▶ **Work request**
From the listing below, copy only the lines running from the line that contains "Bostad Lägenhet 2-1203" to the line that contains "Carol, Dorothy sculling", both included.

▶ **Records provided**
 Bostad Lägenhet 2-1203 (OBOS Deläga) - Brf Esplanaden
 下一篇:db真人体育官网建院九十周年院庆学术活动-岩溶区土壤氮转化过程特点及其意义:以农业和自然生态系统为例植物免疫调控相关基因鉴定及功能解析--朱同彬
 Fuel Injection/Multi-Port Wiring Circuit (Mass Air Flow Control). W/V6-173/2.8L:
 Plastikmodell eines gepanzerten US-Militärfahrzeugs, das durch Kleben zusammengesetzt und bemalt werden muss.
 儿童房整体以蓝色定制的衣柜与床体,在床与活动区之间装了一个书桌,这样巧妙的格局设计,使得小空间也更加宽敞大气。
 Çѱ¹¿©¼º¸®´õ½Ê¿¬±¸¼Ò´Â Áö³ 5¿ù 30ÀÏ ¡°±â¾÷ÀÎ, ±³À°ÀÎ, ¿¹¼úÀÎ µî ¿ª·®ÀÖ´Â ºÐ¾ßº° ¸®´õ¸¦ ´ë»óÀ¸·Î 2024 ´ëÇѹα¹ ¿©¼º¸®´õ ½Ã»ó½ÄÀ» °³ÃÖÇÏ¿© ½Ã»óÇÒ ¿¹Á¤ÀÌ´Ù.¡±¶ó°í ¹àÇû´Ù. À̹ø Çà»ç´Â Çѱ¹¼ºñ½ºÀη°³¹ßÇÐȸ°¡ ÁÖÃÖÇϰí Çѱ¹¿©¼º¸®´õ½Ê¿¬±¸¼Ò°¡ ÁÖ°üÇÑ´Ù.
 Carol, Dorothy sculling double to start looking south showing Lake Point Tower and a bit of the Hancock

* * *

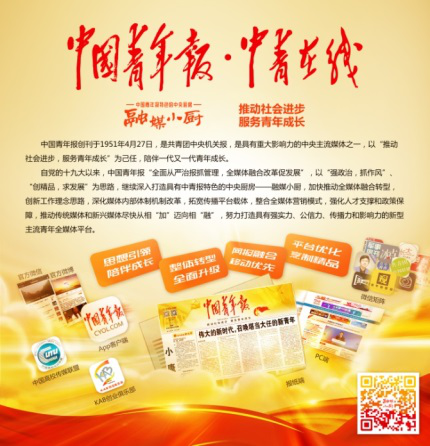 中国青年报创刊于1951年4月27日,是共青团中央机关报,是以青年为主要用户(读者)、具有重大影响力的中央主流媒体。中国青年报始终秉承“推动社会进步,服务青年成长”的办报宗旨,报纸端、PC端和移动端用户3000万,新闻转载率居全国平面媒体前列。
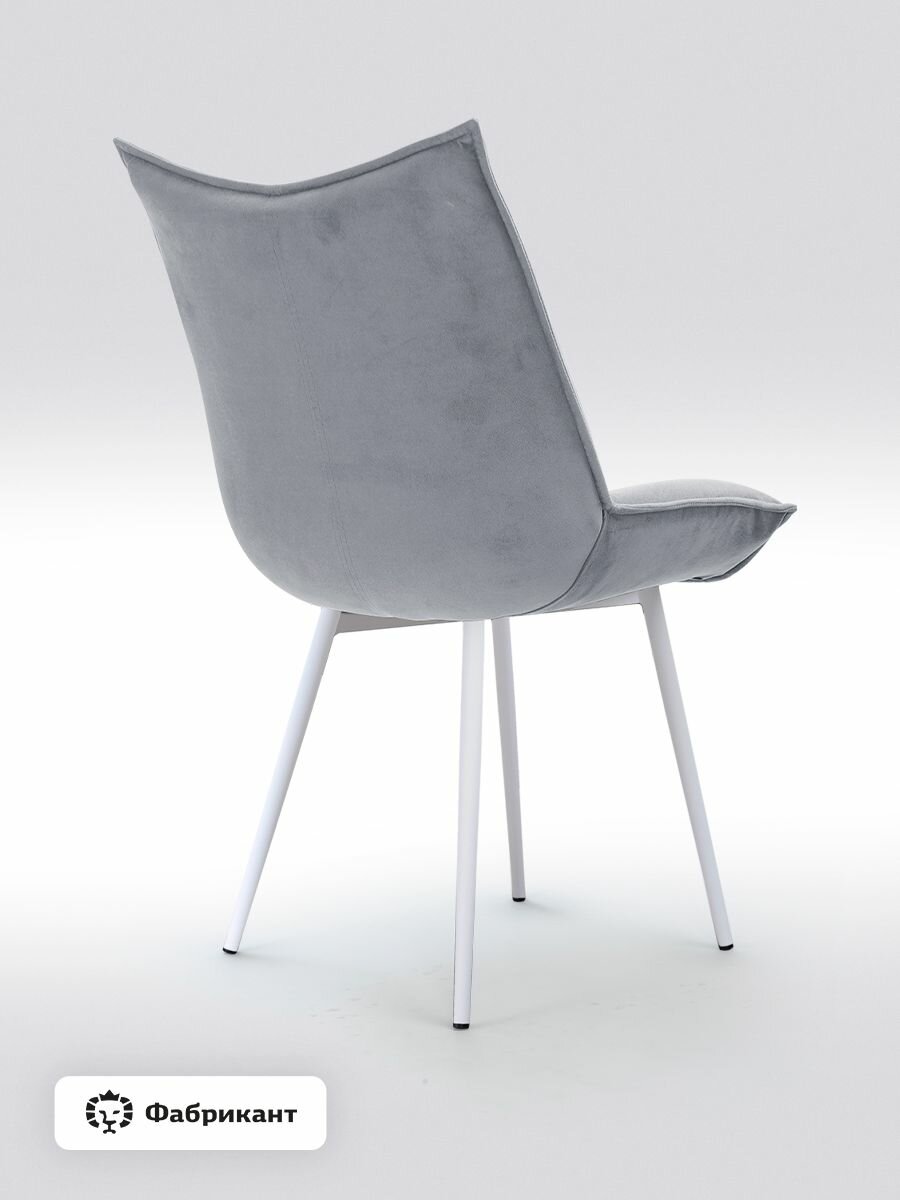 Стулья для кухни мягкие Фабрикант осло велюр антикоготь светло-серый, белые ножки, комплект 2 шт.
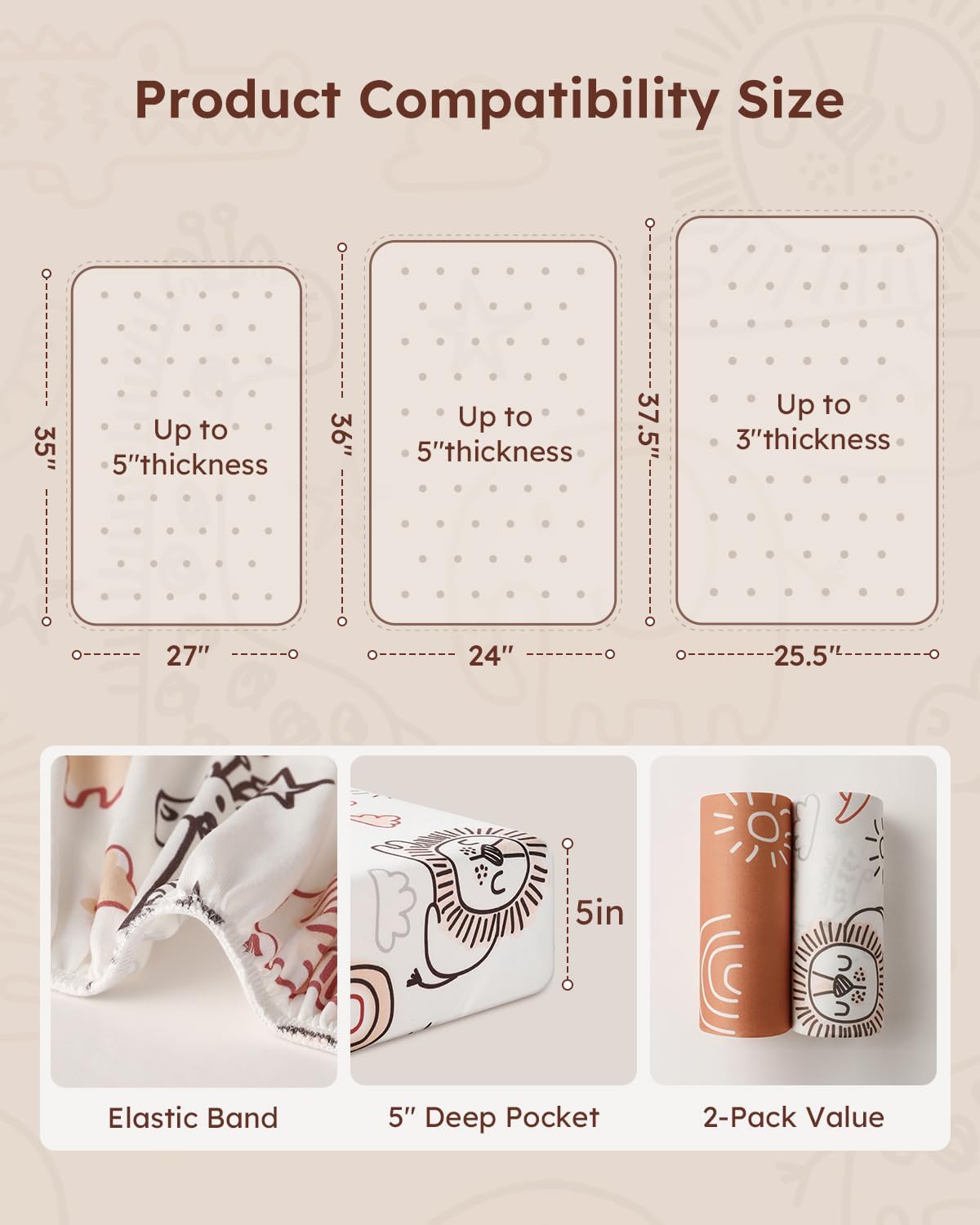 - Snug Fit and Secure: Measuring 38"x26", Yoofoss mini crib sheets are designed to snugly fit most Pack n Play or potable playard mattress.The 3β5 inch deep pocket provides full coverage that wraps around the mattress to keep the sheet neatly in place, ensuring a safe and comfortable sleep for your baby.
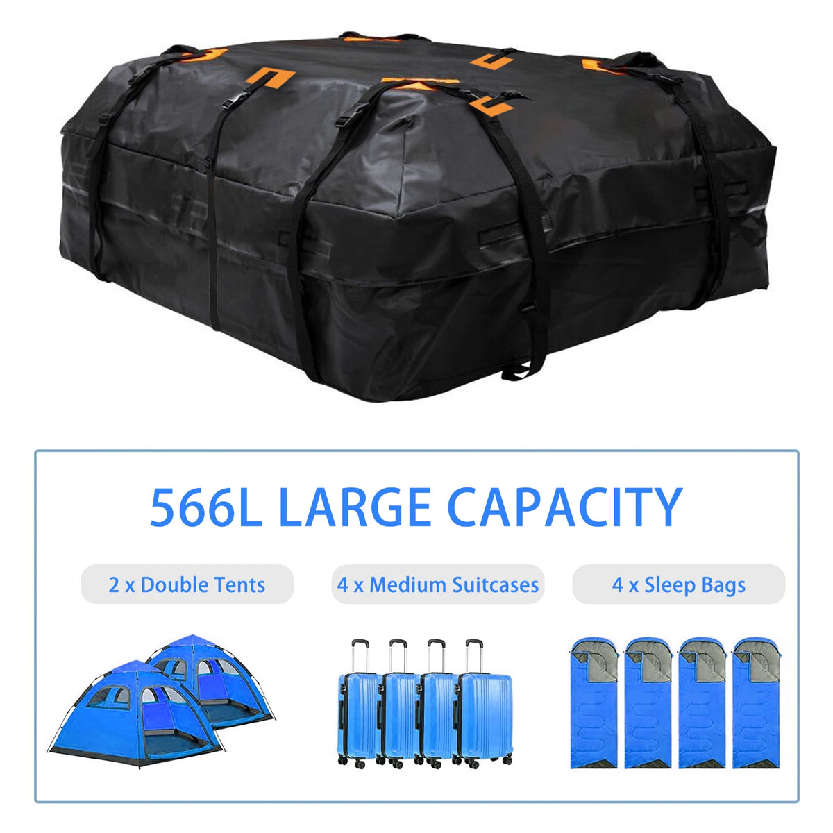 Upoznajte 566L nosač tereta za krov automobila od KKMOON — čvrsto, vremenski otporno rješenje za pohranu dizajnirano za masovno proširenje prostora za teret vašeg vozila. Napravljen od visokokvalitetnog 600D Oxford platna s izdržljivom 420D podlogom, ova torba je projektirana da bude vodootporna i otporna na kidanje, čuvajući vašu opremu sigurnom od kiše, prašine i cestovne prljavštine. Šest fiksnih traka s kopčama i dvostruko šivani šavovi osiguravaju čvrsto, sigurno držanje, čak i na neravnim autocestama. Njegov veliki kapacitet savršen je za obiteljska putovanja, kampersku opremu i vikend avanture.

▶ **Answer**
 Bostad Lägenhet 2-1203 (OBOS Deläga) - Brf Esplanaden
 下一篇:db真人体育官网建院九十周年院庆学术活动-岩溶区土壤氮转化过程特点及其意义:以农业和自然生态系统为例植物免疫调控相关基因鉴定及功能解析--朱同彬
 Fuel Injection/Multi-Port Wiring Circuit (Mass Air Flow Control). W/V6-173/2.8L:
 Plastikmodell eines gepanzerten US-Militärfahrzeugs, das durch Kleben zusammengesetzt und bemalt werden muss.
 儿童房整体以蓝色定制的衣柜与床体,在床与活动区之间装了一个书桌,这样巧妙的格局设计,使得小空间也更加宽敞大气。
 Çѱ¹¿©¼º¸®´õ½Ê¿¬±¸¼Ò´Â Áö³ 5¿ù 30ÀÏ ¡°±â¾÷ÀÎ, ±³À°ÀÎ, ¿¹¼úÀÎ µî ¿ª·®ÀÖ´Â ºÐ¾ßº° ¸®´õ¸¦ ´ë»óÀ¸·Î 2024 ´ëÇѹα¹ ¿©¼º¸®´õ ½Ã»ó½ÄÀ» °³ÃÖÇÏ¿© ½Ã»óÇÒ ¿¹Á¤ÀÌ´Ù.¡±¶ó°í ¹àÇû´Ù. À̹ø Çà»ç´Â Çѱ¹¼ºñ½ºÀη°³¹ßÇÐȸ°¡ ÁÖÃÖÇϰí Çѱ¹¿©¼º¸®´õ½Ê¿¬±¸¼Ò°¡ ÁÖ°üÇÑ´Ù.
 Carol, Dorothy sculling double to start looking south showing Lake Point Tower and a bit of the Hancock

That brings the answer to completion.